Assigned task:
Among the entries that follow, the required portion opens with the line containing "Приносить на акцию" and closes with the line containing "12月27日,平江高新区20". Give that portion again exactly, and nothing else.

Input records:
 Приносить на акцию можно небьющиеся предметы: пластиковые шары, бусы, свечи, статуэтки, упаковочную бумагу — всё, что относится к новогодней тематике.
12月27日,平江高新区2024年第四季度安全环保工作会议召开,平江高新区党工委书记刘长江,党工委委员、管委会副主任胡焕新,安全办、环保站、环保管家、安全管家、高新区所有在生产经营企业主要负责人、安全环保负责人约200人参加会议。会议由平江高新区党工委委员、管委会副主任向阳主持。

--

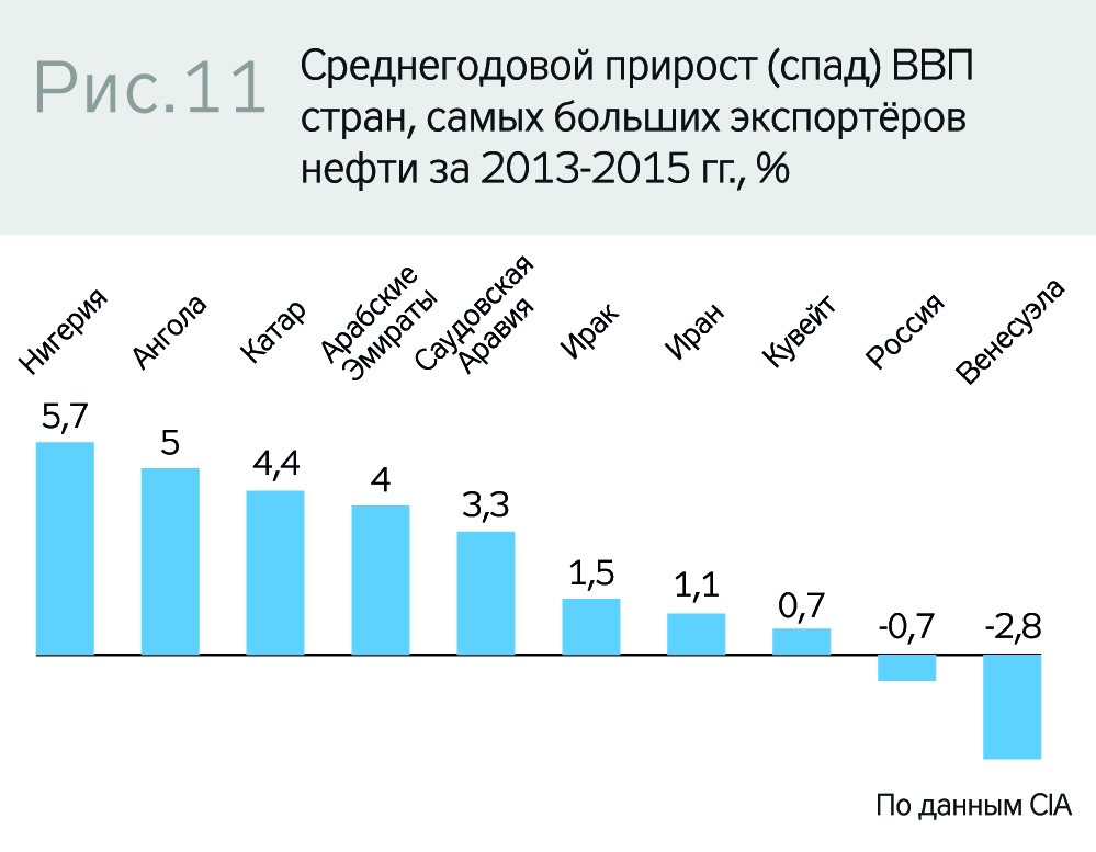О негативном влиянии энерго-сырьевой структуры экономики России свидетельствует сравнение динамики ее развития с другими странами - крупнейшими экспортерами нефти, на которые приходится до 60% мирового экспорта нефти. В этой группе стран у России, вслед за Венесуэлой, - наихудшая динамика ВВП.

...

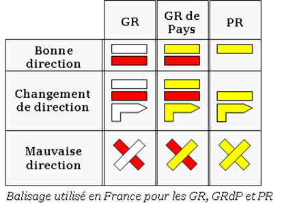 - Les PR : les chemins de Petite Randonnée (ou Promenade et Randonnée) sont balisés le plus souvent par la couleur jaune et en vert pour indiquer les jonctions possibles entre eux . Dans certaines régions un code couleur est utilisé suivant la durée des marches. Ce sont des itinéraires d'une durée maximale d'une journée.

Answer area:
 Приносить на акцию можно небьющиеся предметы: пластиковые шары, бусы, свечи, статуэтки, упаковочную бумагу — всё, что относится к новогодней тематике.
12月27日,平江高新区2024年第四季度安全环保工作会议召开,平江高新区党工委书记刘长江,党工委委员、管委会副主任胡焕新,安全办、环保站、环保管家、安全管家、高新区所有在生产经营企业主要负责人、安全环保负责人约200人参加会议。会议由平江高新区党工委委员、管委会副主任向阳主持。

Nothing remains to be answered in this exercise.